Recorded information:
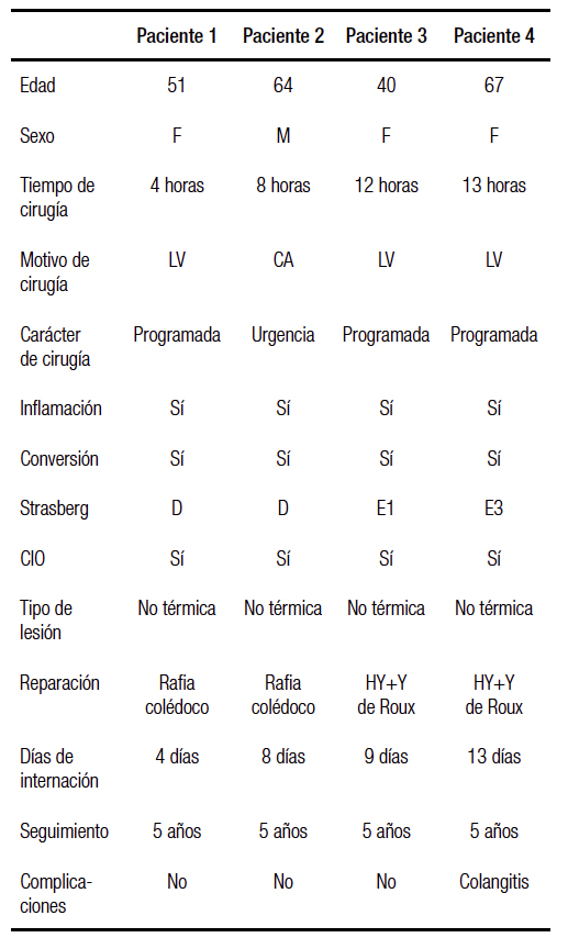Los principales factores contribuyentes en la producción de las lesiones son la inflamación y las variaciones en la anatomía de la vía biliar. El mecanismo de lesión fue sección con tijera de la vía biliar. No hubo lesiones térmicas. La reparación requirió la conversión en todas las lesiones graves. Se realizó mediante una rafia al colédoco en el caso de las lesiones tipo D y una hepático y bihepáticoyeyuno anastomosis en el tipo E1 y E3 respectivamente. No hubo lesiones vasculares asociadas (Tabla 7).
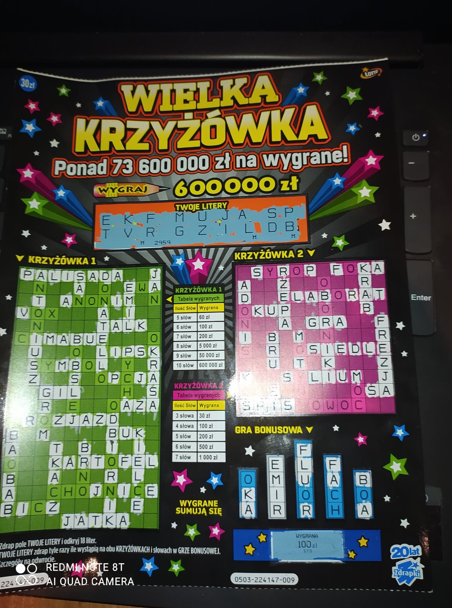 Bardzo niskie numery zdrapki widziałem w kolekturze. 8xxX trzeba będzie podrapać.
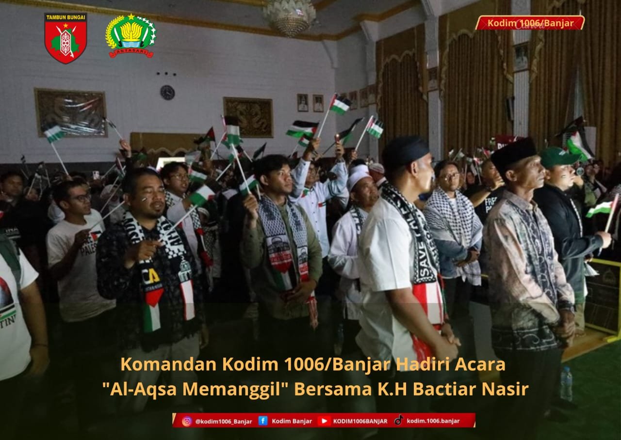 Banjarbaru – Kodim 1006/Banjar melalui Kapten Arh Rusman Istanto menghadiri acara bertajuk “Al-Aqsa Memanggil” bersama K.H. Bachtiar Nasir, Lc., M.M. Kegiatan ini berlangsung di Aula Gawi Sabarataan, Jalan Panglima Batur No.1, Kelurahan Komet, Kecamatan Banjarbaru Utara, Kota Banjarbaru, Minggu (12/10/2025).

==

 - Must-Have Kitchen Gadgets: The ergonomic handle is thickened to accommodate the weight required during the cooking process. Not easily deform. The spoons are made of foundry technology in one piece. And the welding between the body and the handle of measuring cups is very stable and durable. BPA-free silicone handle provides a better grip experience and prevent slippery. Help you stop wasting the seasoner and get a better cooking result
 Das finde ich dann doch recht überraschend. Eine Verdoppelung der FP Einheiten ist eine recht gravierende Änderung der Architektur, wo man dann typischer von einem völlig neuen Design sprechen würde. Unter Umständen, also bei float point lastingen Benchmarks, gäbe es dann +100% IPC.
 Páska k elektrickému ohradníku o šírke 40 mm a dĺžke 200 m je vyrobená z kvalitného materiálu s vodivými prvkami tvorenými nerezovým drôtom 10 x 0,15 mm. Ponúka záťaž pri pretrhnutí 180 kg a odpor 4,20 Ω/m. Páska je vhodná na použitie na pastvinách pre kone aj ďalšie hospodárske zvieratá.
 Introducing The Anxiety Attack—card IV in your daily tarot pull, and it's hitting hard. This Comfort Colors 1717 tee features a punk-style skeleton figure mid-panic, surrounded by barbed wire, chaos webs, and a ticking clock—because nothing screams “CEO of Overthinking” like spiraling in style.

What you should do: Of the entries above, transcribe exactly those lines that fall between the line containing "Páska k elektrickému" and the line containing "Introducing The Anxiety", together with those two lines.

Answer to this exercise:
 Páska k elektrickému ohradníku o šírke 40 mm a dĺžke 200 m je vyrobená z kvalitného materiálu s vodivými prvkami tvorenými nerezovým drôtom 10 x 0,15 mm. Ponúka záťaž pri pretrhnutí 180 kg a odpor 4,20 Ω/m. Páska je vhodná na použitie na pastvinách pre kone aj ďalšie hospodárske zvieratá.
 Introducing The Anxiety Attack—card IV in your daily tarot pull, and it's hitting hard. This Comfort Colors 1717 tee features a punk-style skeleton figure mid-panic, surrounded by barbed wire, chaos webs, and a ticking clock—because nothing screams “CEO of Overthinking” like spiraling in style.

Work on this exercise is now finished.